Wall Street Tactics for the Pentagon?
Last week I reported on the activities of the little-known Defense Business Board, an advisory panel of corporate executives that aspires to overhaul Pentagon operations using Wall Street-style management and cost-cutting tactics—including a controversial proposal to privatize military retirements. Over at Gunpowder and Lead, DOD employee and operations analyst extraordinaire James Skylar Gerrond sets his sights on my story:
[I]n this case I think Adam's desire to tell a good partisan story overwhelmed his responsibility to be intellectually honest.
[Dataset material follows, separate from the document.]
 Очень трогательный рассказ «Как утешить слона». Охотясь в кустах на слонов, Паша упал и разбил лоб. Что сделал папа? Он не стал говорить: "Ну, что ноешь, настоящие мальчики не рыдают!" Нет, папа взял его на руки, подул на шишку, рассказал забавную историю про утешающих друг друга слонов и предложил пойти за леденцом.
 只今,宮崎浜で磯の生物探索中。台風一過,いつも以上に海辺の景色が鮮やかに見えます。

This article completely overstates the influence of the DBB, wrongly frames them as lacking empathy for military members and misrepresents their recommendations on a number of issues…The reason you've never heard of the DBB isn't that they are overly secretive, its just that they aren't really that important.
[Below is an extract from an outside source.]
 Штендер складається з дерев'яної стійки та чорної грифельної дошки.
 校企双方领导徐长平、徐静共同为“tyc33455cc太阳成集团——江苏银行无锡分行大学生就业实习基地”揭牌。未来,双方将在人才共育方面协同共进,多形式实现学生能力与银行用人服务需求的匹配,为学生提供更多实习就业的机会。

Sky—who's eloquently taken issue with the DBB's plan on GI pensions before—makes some worthwhile points, in particular taking me to task for writing that the board's members "know little about military affairs." Three of the 12 main board members do have military backgrounds, as Sky points out, and I'll gladly take the heat for downplaying that. All the same, the résumés of the DBB members are much more stacked with a different kind of service: high-level roles at Goldman Sachs, Bear Stearns, Merrill Lynch, the Bank of Virginia, and other investment banks and consulting firms.